Two more conventional explanations remain plausible alongside this one and are not mutually exclusive with it. The fusion model's much larger parameter count, trained on only 434 genes, leaves more room for overfitting even under identical regularization. It is also possible that naively concatenating three modalities introduces interference rather than synergy - a single linear fusion layer may need a more deliberate mechanism, such as attention-based weighting or per-modality gating, to combine three feature types this different in nature. Fold-level variance is a further complicating factor: PPI-only's own standard deviation (±0.05) is larger than the fusion model's (±0.02), so it is not uniformly more stable - it simply lands higher on average. Disentangling how much of the PPI-only advantage is study bias versus these architectural factors would require further controlled experiments, most directly genome-wide validation against truly independent evidence rather than additional cross-validation on the same labeled set.

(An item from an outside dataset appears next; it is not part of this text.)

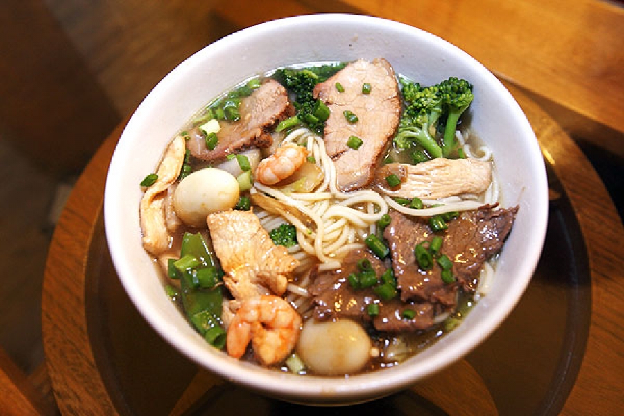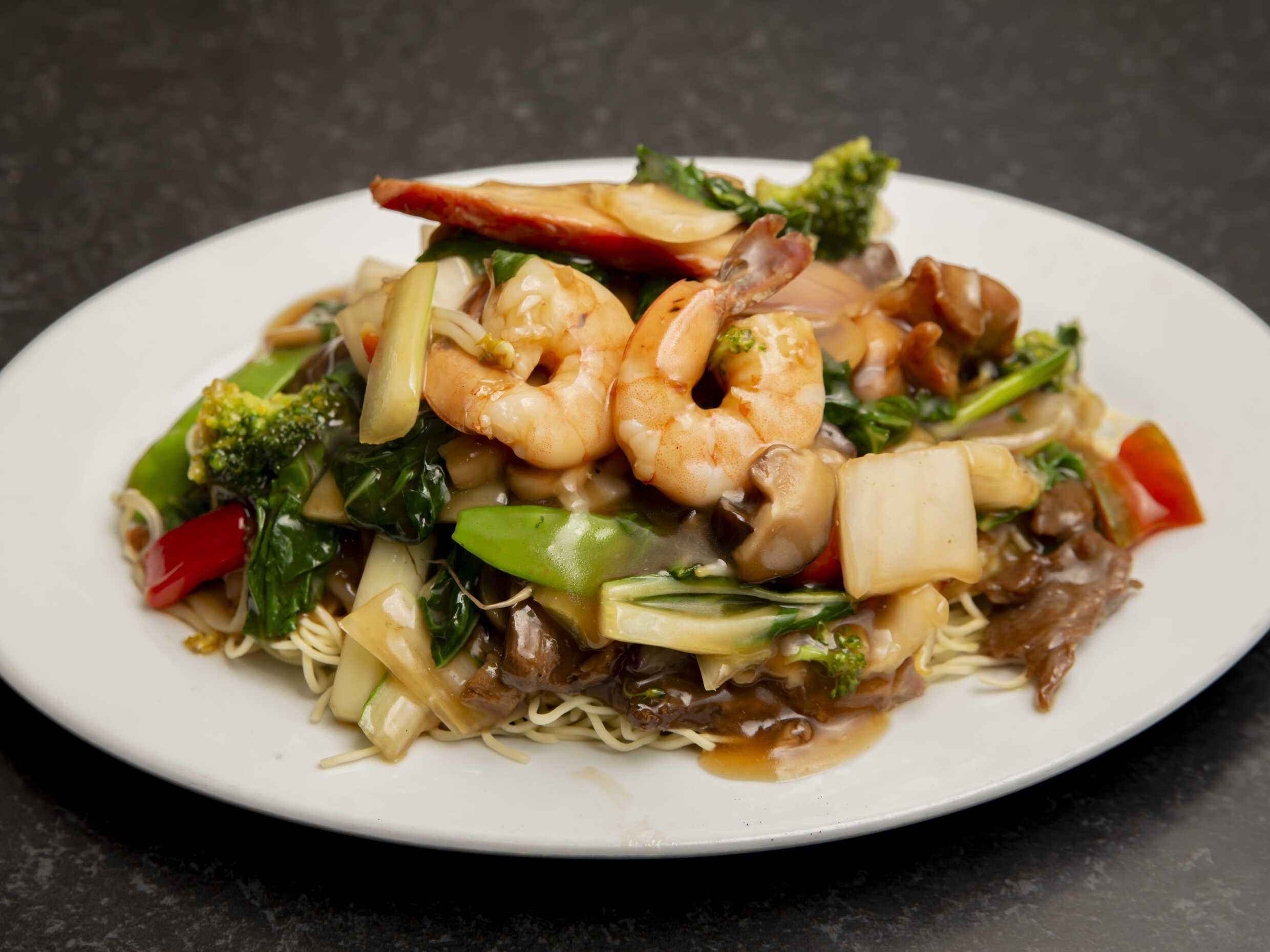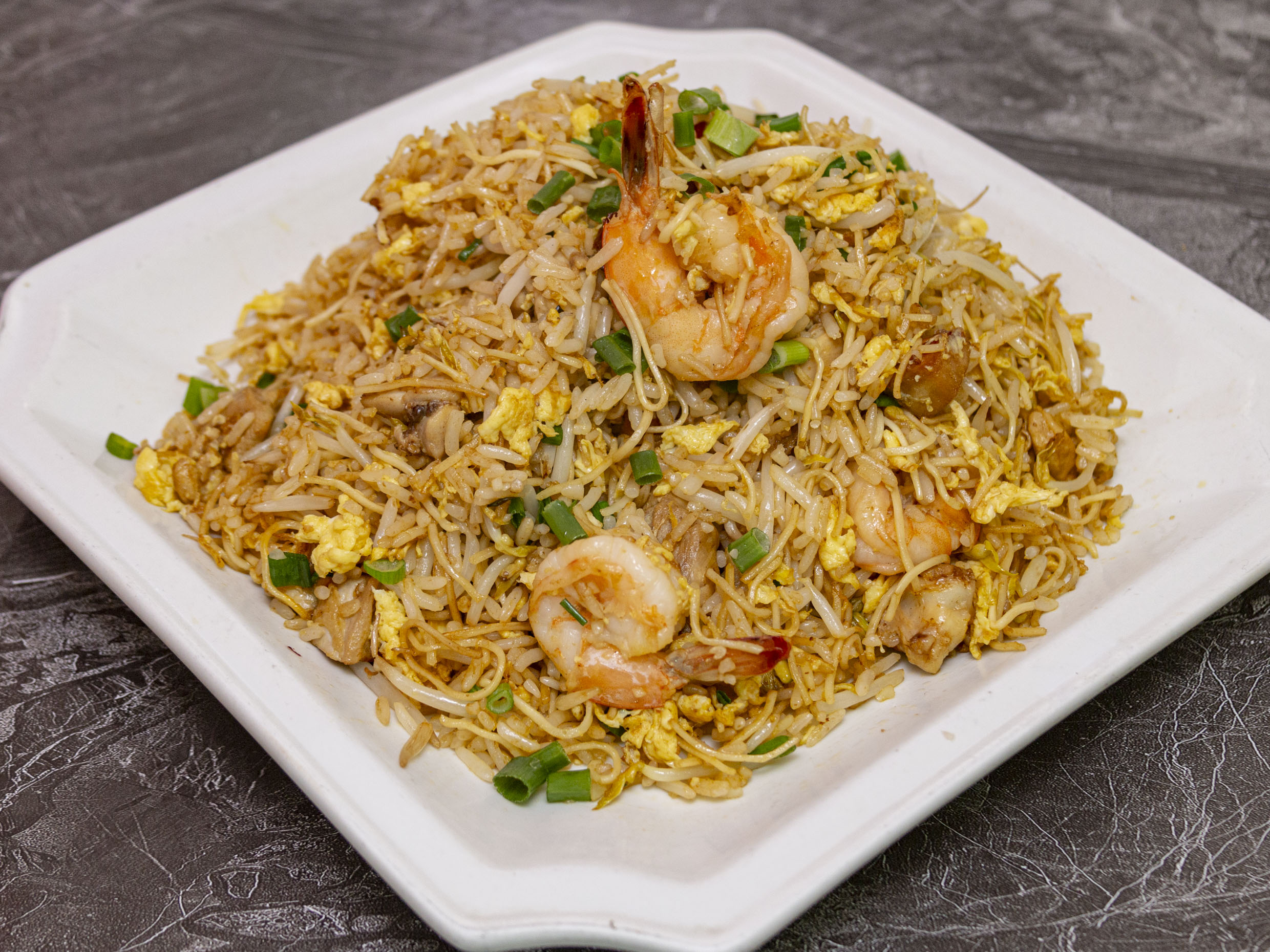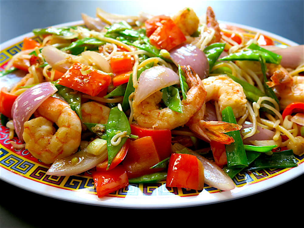 Tallarines con chancho, pollo, langostinos y verduras.

In practice, both variants were carried forward into genome-wide inference rather than discarding one. The PPI-only model is the stronger predictor where PPI coverage exists, but roughly 7% of genes genome-wide have no usable STRING network signal and rely on imputation; for those genes specifically, the full fusion model's NPP and ESM2 inputs remain informative where PPI alone would be guessing from an imputed placeholder.

Looking ahead

A planned extension is to add tissue expression data (gene expression consensus profiles, sourced from the Human Protein Atlas rather than GTEx, since GTEx's retinal tissue coverage is a known gap relevant specifically to this disease area) as a fourth, independent modality. The intent is to use it for post-hoc validation of genome-wide candidates rather than as additional training input - keeping it as an orthogonal signal that wasn't part of what the model learned from, rather than folding it into training and losing that independence.